ドイツだけではない。欧州各国でオーストリアの自由党主導政権の誕生に警戒の声が高まってきている。10日はウィーン市中央の英雄広場で自由党主導政権の発足に反対するデモ集会が開かれた。
ところで、欧州のメディアではここにきて自由党党首のキックル党首(56)のプロフイールに強い関心が寄せられている。例えば、ドイツ民間放送ニュース専門局の著名なコラムニスト、ヴォルフラム・ヴァイマー記者は人物評欄でキックル党首を紹介している。
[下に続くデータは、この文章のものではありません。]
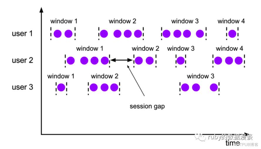 会话时间窗口主要使用窗口分配器通过会话活动来对元素进行分组,会话窗口跟滚动窗口和滑动窗口相比,不会有重叠和固定的开始时间和结束时间的情况,相反,当它在一个固定的时间周期内不再收到元素,即非活动间隔产生,那个这个窗口就会关闭。

そのような中で、オーストリア民間放送OE24は10日、ヘルベルト・キックル党首(Herbert Kickl)の名前はオーストリアの名前ではなく、スロベニアから由来したもので、その意味は「女性のスカート」という内容の記事を掲載した。
ニュース源はドイツのライプツィヒの「名前研究センター」の名義学者ユルゲン・ウドルフ名誉教授だ。同教授によると、キックル党首の名前は出生地であるケルンテン州のフィラッハ(Villach)にその由来がある。キックルというの名前はケルンテン州で比較的多く見られるという。「同州にはスロベニア由来の名前が少なからず存在する。この名前もそうだ、疑いようがない」と主張している。